* PROBLEM TO SOLVE *
Reproduce exactly the lines below from the one containing "Une illustration originale" through the one containing "Ainda confrontando os", including both, and nothing else.

* MATERIAL FOR THIS EXERCISE *
========

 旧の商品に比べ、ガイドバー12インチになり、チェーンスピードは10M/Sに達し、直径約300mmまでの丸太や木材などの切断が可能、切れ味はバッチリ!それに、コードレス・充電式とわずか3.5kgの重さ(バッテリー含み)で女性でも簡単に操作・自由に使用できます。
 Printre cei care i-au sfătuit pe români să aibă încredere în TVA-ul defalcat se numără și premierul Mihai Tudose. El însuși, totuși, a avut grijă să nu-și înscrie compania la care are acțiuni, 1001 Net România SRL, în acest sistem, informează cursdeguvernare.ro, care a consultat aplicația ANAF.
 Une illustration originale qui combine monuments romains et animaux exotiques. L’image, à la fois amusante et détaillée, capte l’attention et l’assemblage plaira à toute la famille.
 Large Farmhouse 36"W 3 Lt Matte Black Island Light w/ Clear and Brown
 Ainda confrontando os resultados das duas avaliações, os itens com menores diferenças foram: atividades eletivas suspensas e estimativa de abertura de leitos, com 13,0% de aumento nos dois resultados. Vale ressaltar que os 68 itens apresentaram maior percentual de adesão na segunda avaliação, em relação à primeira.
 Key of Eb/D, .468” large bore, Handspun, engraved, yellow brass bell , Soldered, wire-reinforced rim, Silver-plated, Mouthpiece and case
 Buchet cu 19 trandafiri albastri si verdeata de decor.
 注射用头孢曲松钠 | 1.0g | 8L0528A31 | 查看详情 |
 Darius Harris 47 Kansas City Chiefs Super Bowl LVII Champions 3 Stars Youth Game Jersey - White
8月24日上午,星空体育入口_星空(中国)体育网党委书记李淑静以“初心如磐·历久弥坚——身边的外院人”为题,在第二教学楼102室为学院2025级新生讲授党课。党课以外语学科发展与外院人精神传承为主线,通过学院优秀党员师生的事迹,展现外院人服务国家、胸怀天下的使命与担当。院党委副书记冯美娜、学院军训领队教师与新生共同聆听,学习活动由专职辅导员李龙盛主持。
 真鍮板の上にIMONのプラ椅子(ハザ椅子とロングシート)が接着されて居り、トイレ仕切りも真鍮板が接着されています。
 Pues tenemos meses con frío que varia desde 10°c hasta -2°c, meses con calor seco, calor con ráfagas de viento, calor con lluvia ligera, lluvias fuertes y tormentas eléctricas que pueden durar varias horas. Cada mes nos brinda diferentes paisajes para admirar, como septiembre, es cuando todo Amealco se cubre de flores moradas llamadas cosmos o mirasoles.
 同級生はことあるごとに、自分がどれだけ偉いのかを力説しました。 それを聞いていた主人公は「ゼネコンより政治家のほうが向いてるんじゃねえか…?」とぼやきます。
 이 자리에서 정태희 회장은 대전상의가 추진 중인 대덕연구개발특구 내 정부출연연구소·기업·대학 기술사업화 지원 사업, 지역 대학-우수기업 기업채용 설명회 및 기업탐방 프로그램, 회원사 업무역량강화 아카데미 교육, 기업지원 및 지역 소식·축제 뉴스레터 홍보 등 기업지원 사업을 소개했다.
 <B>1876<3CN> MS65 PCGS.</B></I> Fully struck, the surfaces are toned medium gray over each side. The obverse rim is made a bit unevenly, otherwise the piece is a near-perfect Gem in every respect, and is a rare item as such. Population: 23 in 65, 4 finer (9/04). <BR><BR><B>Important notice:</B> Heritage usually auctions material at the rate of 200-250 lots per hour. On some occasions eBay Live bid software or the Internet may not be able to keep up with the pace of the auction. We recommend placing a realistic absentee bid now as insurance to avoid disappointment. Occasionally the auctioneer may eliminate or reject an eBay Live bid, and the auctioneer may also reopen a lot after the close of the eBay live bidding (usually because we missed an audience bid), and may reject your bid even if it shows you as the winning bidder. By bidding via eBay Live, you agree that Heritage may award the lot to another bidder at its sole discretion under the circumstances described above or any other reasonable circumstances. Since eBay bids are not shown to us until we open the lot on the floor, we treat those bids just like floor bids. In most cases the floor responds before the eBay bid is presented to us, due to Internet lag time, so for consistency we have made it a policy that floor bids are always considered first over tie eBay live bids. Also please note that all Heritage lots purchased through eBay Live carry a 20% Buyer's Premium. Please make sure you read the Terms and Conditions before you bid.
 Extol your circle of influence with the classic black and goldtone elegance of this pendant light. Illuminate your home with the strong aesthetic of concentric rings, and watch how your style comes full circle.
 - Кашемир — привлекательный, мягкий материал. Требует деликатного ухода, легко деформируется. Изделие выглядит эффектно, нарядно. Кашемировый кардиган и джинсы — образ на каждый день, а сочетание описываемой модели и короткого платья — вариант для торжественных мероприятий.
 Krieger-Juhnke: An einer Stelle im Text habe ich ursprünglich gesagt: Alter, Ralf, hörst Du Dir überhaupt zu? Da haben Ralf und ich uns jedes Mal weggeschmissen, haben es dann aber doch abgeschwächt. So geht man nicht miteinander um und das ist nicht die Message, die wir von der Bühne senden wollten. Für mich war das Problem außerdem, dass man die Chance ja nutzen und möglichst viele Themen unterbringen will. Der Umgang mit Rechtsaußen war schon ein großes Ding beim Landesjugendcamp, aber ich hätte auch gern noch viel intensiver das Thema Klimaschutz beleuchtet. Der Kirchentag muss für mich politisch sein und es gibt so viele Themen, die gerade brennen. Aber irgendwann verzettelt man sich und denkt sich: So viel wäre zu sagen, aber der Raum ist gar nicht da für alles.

========

* OUTPUT OF THE TASK *
 Une illustration originale qui combine monuments romains et animaux exotiques. L’image, à la fois amusante et détaillée, capte l’attention et l’assemblage plaira à toute la famille.
 Large Farmhouse 36"W 3 Lt Matte Black Island Light w/ Clear and Brown
 Ainda confrontando os resultados das duas avaliações, os itens com menores diferenças foram: atividades eletivas suspensas e estimativa de abertura de leitos, com 13,0% de aumento nos dois resultados. Vale ressaltar que os 68 itens apresentaram maior percentual de adesão na segunda avaliação, em relação à primeira.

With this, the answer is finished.